I think you have a responsibility to not keep your readers at arm’s length in the way you’ve been doing for a while now — deleting critical comments and blocking users who bring poor sponsorship choices to your attention and categorizing comments as being “rude or disrespectful” when they’re neither — they’re true but you don’t like them and want them hidden. Is that because you don’t want sponsors seeing them? Do you realize that you’re turning away many intelligent, thoughtful fans and followers? You’re running a business for goodness sake.

Personally, I’d like to see a little more transparency and ownership as far as how you handle issues like what happened with your last sponsor, NuSkin.
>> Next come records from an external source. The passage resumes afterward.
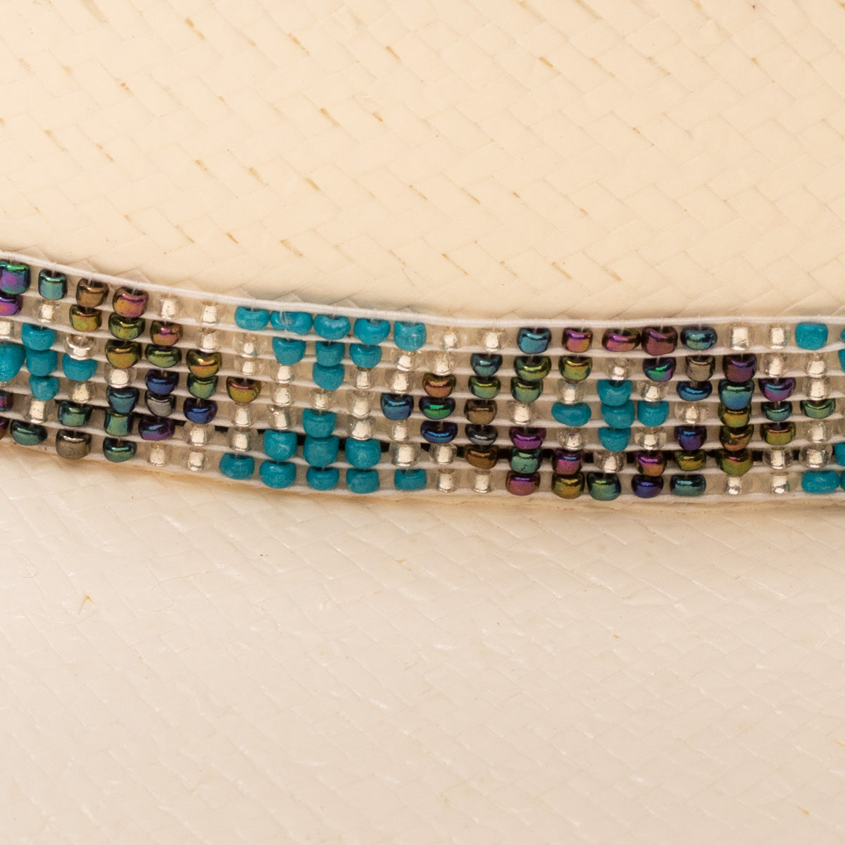 Youth Size.Ya’atah! Part of the Charlie 1 Horse Youth Collection, the Apache Jr. Hat is as much of a free spirit as she is. This shantung straw hat comes in a 4 1/8” cattleman’s crown with a 4” brim. The beaded hatband features a crisp, energizing diamondback pattern. Bright blue whip stitching adds charm and contrast to the brim. Classic vent patterning and a rusty, off-center Charlie 1 Horse brand logo complete the look. A stretchable elastic sweatband helps to ensure that she won’t outgrow it before summer’s end.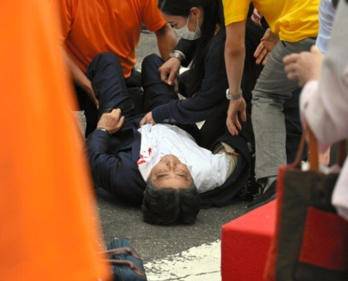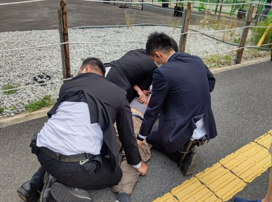 아베는 그 자리에서 쓰러지고 남성은 바로 체포 되었습니다.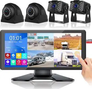 RV Backup Camera for RV Truck Semi Truck Trailer, 4K 10.36" Touch Monitor with Recording DVR MP5 Bluetooth Adjustable Parking Assist Line & Four 1080P AHD IP69 Waterproof Rear Side View Backup Cameras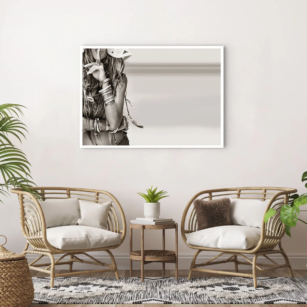 Poster - Porträt einer Boho-Frau mit Schmuck - 100x70cm - Wieso ein Mädchen - Moderne Wanddekoration für Wohnzimmer und Schlafzimmer ARTTOR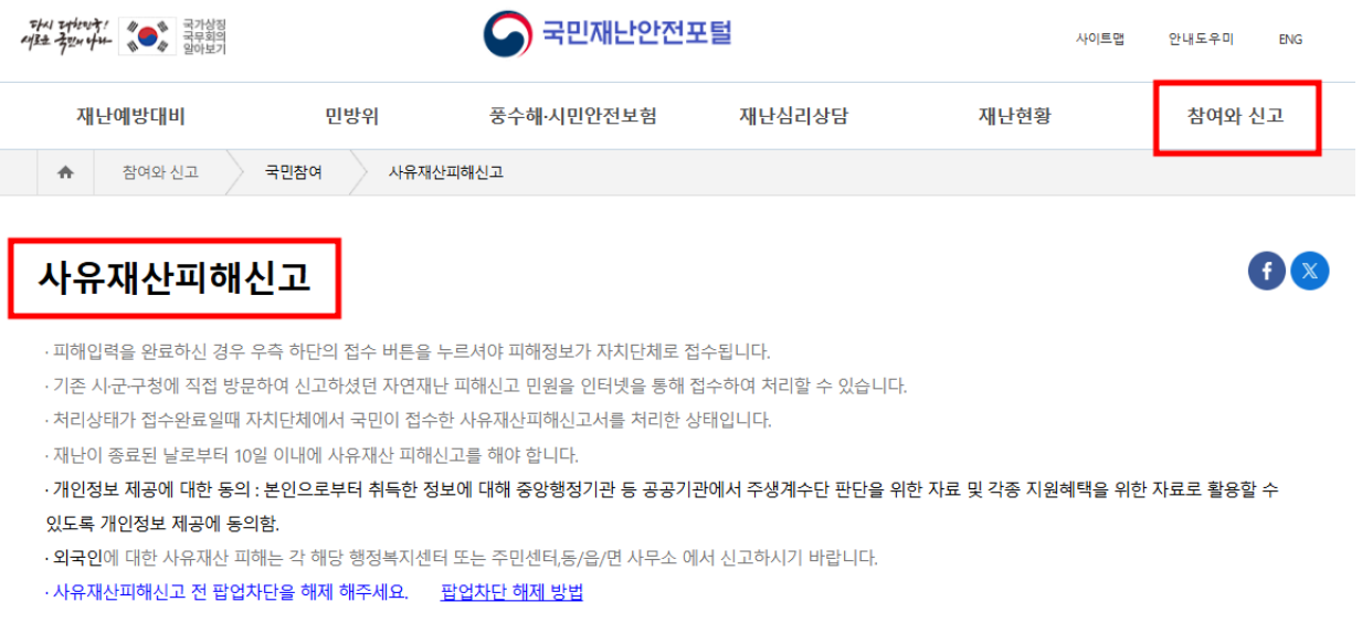✅국민재난안전포털 > 참여와 신고 > 사유재산피해신고 👆 바로가기 클릭

We’re all human and mistakes happen but I don’t think an update on an already published post is quite enough ownership. As someone who has read your blog for a long time and supported both the authorship of your books and your clothing line (I LOVE my green army jacket and still wear of the first eyelash lace dresses you created), I have a vested interest here. I WANT to keep reading (and rooting for you). You’re making it very difficult though.

When this article broke back in 2013, I hoped to see some changes in your approach to Cupcakes and Cashmere. Maybe more love for the other creative people out there who’d inspired various DIY projects and recipes, or at the very least, a little more humility. And transparency. But I expected too much.

There is a massive transition happening in the blogging world right now and though I’ve always sensed you approached your blog with more of a business angle from the beginning than most others with your background at AOL, and had an early eye toward developing a lifestyle empire, almost like a younger, modern Martha Stewart, I would advise you to inject some humanity into this entire endeavor.

These days, bloggers, tastemakers and thought leaders are leaning so heavily toward building a wall up between themselves and their readers with some of the best of the best, like John and Sherry of Young House Love, exiting the blogging world entirely in mid-2014, only to re-enter on their own, much more defined and protected terms.

Their departure really, really stung if I’m being totally honest. I was never one of the critical readers who lambasted them for one too many posts about their laundry room makeover nor am I a critical reader of most of the types of reads I’d deem “for fun” or “for inspiration.”  I was just happy to be able to read and follow-along with their adventures as they perked up their homes and raised their kids. When Sherry sang praises for cloth diapering, it became one of my most fervent aspirational dreams to one day cloth diaper my future child. They became like friends and were such a source of design inspiration for me. Our aesthetics weren’t even similar, but guess what color my entire downstairs is painted thanks to their recommendation? Benjamin Edgecomb Gray. Sherry is right, it’s the perfect neutral in any light.

Still, I was very hurt to see them reach such a height of success and then slam the door on readers like me, more or less. The thing is, Sherry and John are so authentic and relatable, they soon opened that door a crack… and then a bit more, and then a bit more, always remaining true to themselves as they re-entered the public eye while explaining and detailing their perspective and why they took a step back, how things will change moving forward, etc.  It was all too soon that I forgave any hurt I’d experienced as one of those non-demanding readers who never expected 24/7 access and was just thrilled to be able to be back in their occasional orbit.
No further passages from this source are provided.